Randomized coordinate descent methods with arbitrary samplingAlgebra & Discrete Mathematics
|Peter Richtarik, University of Edinbrough
|Mon, Jun 1 2015, 4:00PM
Randomized coordinate descent methods with arbitrary sampling are optimization algorithms which at every iteration update a random subset of coordinates (i.i.d. throughout the iterations), with the distribution of this random set-valued mapping allowed to be arbitrary. It turns out that methods of this type work as long as every coordinate has a positive probability of being chosen (and hence updated) by the sampling. This is clearly a necessary condition if we want the method to converge from any starting point. However, it turns out it is also sufficient. Naturally, certain characteristics of the distribution of the random set-valued mapping (or "sampling", for simplicity) manifest itself in the complexity bound. This opens the possibility to design samplings optimizing the complexity bound. If we restrict our attention to the case of samplings picking a single coordinate at a time, the optimal distribution is known as importance sampling.

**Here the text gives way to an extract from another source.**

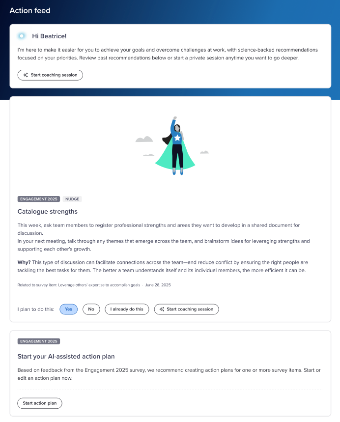 In the days following reporting access for a listening event, managers have access to AI-assisted action planning. A prompt in the Action Feed or in the flow of work (email, Teams, Slack, etc.) helps them start the process of creating an AI-assisted action plan.

Usually, the difference between the uniform and importance sampling in terms of complexity is in the replacement of the maximum of certain problem-dependent quantities in the bound by their average. The above general setup opens the possibility to efficiently solve optimization problems arising in applications where it is more natural to update structured subsets of variables (e.g., overlapping blocks) and in situations where the sampling is implicitly defined by the computing environment (e.g., faulty processors). I will talk about the first three methods of this type developed in the literature: NSync (unconstrained minimization of a smooth strongly convex function), Quartz (a primal-dual method regularized empirical loss minimization) and ALPHA (minimization of the sum of a smooth convex function and a separable regularizer).